Maloof held up his hand. “You are going too far, too fast. How much, by your calculations, does Moncrief owe you?”
“The figure is easily determined,” said Hunzel. “For simplicity, we reckon five days a week and fifty weeks a year. Siglaf and I earn six sols per day, or thirty sols per week, to the sum of fifteen hundred sols per year. After three years each of us has earned forty-five hundred sols, to a total of nine thousand sols. The girls earn one thousand sols per year and for the three of them for three years, a total of nine thousand sols, to a grand total of eighteen thousand sols.”
“Hm,” said Maloof. “That is a substantial sum.”
“So it is,” said Siglaf. “From time to time Moncrief doled out a few sols: five sols now, ten sols later, a few dinkets when he felt munificent. Over the years, during his fits of guilt, he has given as much as two hundred sols! We are, to the contrary, large-handed! As a token of our personal generosity, we will demand only fifteen thousand sols, but this he must pay or at Cax we leave the troupe, and Moncrief can dance the kazatzka and play the flute alone at the Trevanian.”
Moncrief shook his head in wonder. “Never have I suspected the Klutes of such extravagant imaginations! Their statements are, of course, factitious.”
Maloof sighed. “What, then, is your version of events?”
“I will explain with pleasure! The Klutes’ account is accurate in the main. Our first encounter was at Frippen on Numoy. They made a dramatic impact upon me. I was in the process of reorganizing the Mouse-riders and I was on the lookout for fresh personnel. I could see that the Klutes, with their hulking bodies and ferocious faces, in striking contrast to the charm, innocence and mischievous precocity of the three
girls, could be valuable adjuncts to the Mouse-riders. I offered them employment with the troupe and all five accepted without hesitation. The Klutes wanted to know how much they would earn. I explained that they could join the troupe and receive a share of the profits after expenses, or they might choose a second option and work by the hour, during performances, rehearsals and whenever they might be busy with troupe business. In this case they must pay their own expenses.

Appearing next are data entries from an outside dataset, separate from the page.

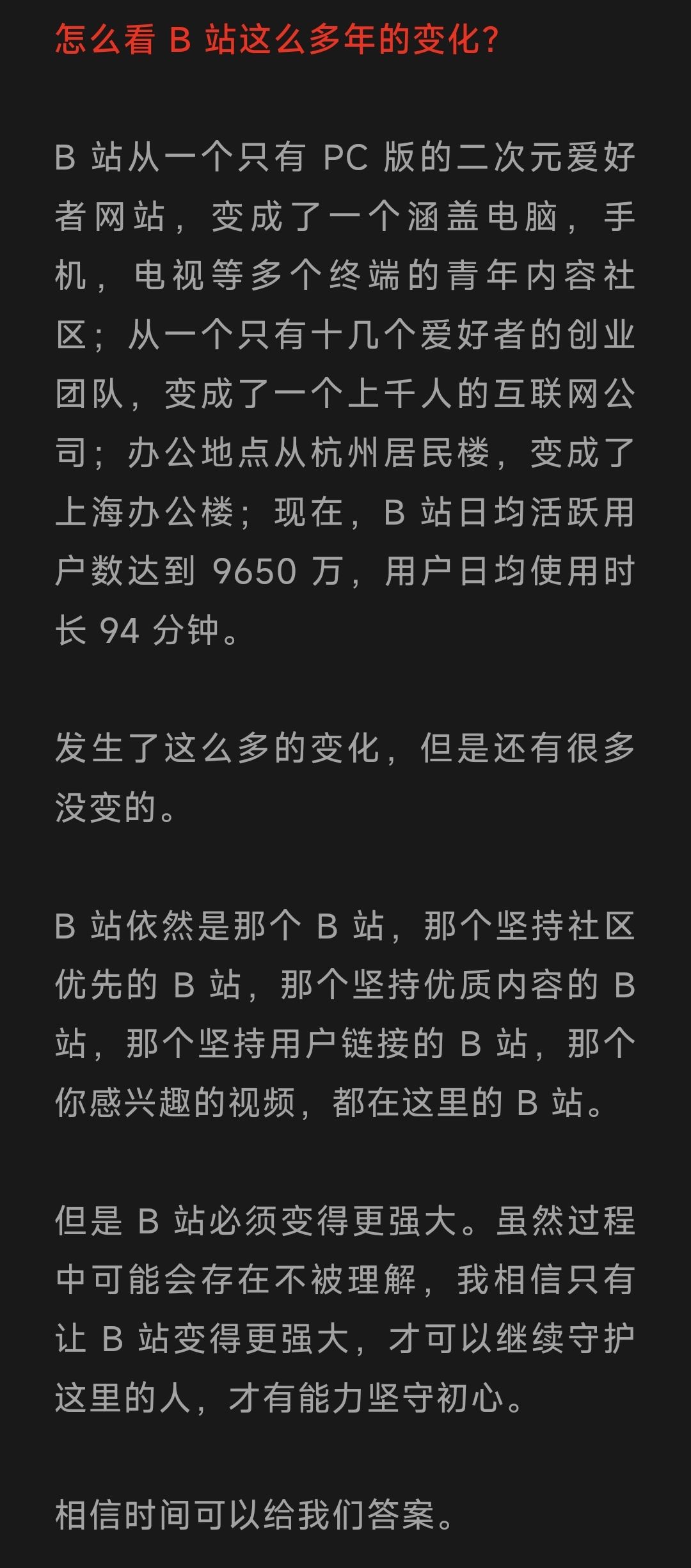 只要能牢牢地抓住up主,我相信B站未来会是中文互联网无可替代的内容平台。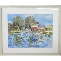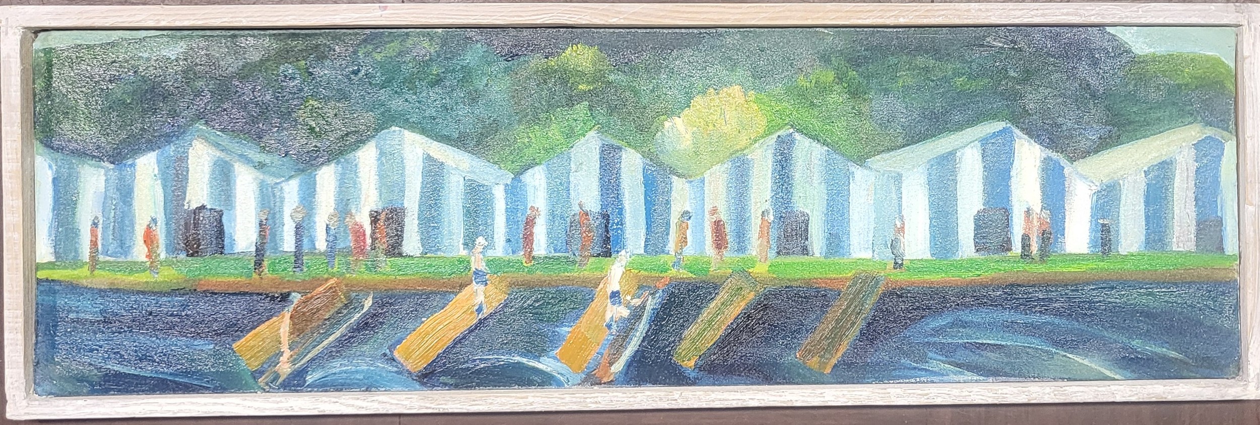 'Henley Regatta, Thames' oil on canvas by Richard Conway-Jones. Signed and framed. 22.5 x 79cm including frame.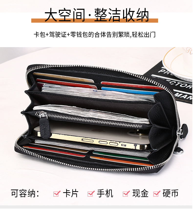 정품 가죽 남성과 여성의 긴 지갑 카드 홀더 통합 2023 새로운 긴 멀티 카드 대용량 핸드 헬드 지갑스토어 가기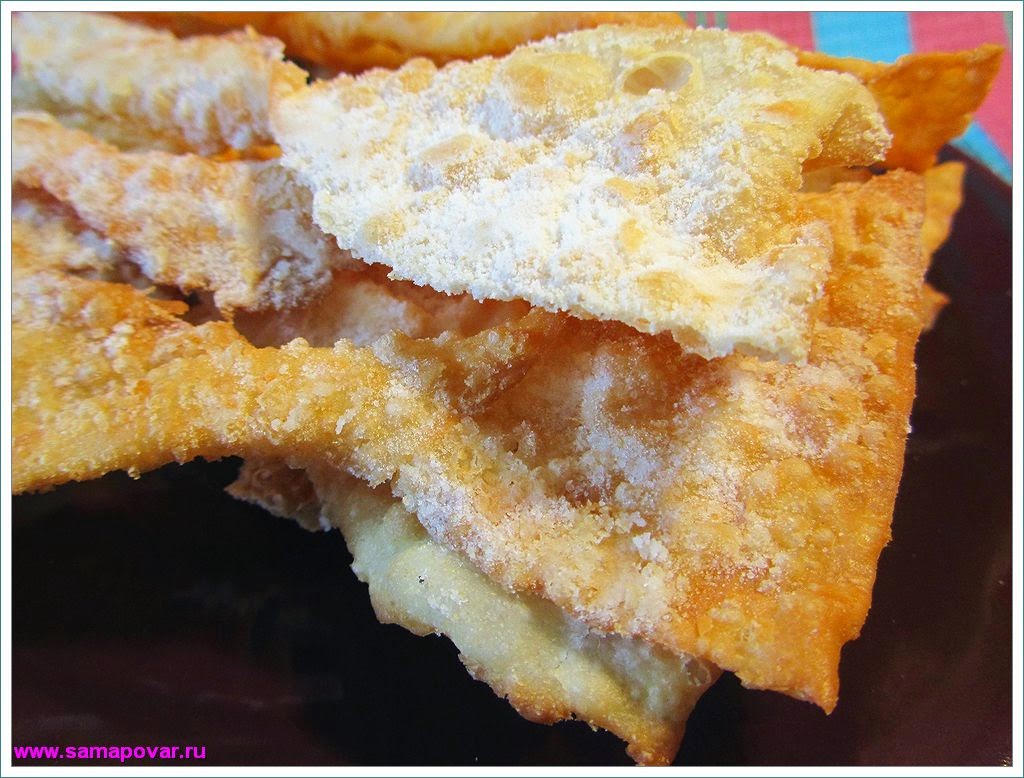 Жарить в большом количестве разогретого масла до румяности. Периодически масло меняйте не жалея, иначе хворост будет подгорать и горчить. Готовое печенье остудить и посыпать сахарной пудрой.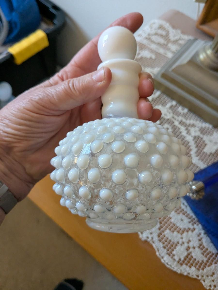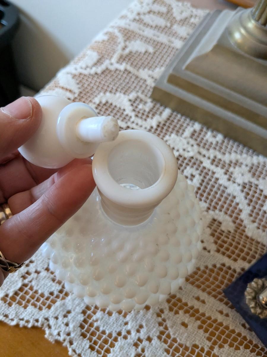 Vintage Fenton Hobnail White Milk Glass Perfume Bottle w/Stopper

“For the previous three months the troupe had been touring the provinces of Fiametta, playing two performances a day. The Klutes could see that, under these conditions, their earnings would be consequential, and decided to work by the terms of the second option. To make sure that they understood their choice, I prepared a paper detailing the terms of Option One and Option Two as clearly as possible. I insisted that they indicate their choice of option, and sign their names, which was done.
“They explained that the girls were under indenture and must obey orders and therefore need not sign, which I accepted.”

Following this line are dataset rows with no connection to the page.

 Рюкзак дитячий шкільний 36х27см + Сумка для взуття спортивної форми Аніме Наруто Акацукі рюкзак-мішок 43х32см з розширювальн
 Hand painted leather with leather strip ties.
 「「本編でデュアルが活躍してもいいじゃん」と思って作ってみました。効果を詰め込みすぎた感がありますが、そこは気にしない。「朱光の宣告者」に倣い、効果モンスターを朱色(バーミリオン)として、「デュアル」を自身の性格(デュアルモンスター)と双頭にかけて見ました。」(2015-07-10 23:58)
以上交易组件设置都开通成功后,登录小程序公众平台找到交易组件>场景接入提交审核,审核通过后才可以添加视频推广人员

“And you have retained this document?”
“Just so! From bitter experience I have learned the value of meticulous records.” Moncrief opened his brown folder and removed a sheet of paper which he handed to Maloof. The Klutes watched with narrow-eyed suspicion.
Maloof scanned the document. The second paragraph was endorsed by a pair of signatures, in handwriting so eccentric as to be almost illegible. He looked down the table to the Klutes. “I presume that you recall signing this paper?”
The Klutes shrugged and looked at each other. Siglaf said: “That was three years ago. The paper is now faded and old, and the writing is obsolete. Let us put it aside, and deal with affairs as they are now.”
Maloof shook his head. “This may be the custom in the Bleary Hills of Numoy but elsewhere in the Gaean Reach things go differently.”
“No matter,” said Siglaf. “Our figures cannot be faulted.”
“They are fine figures indeed!” said Maloof. “However, they lack all connection with the business at hand, and they must be discarded.”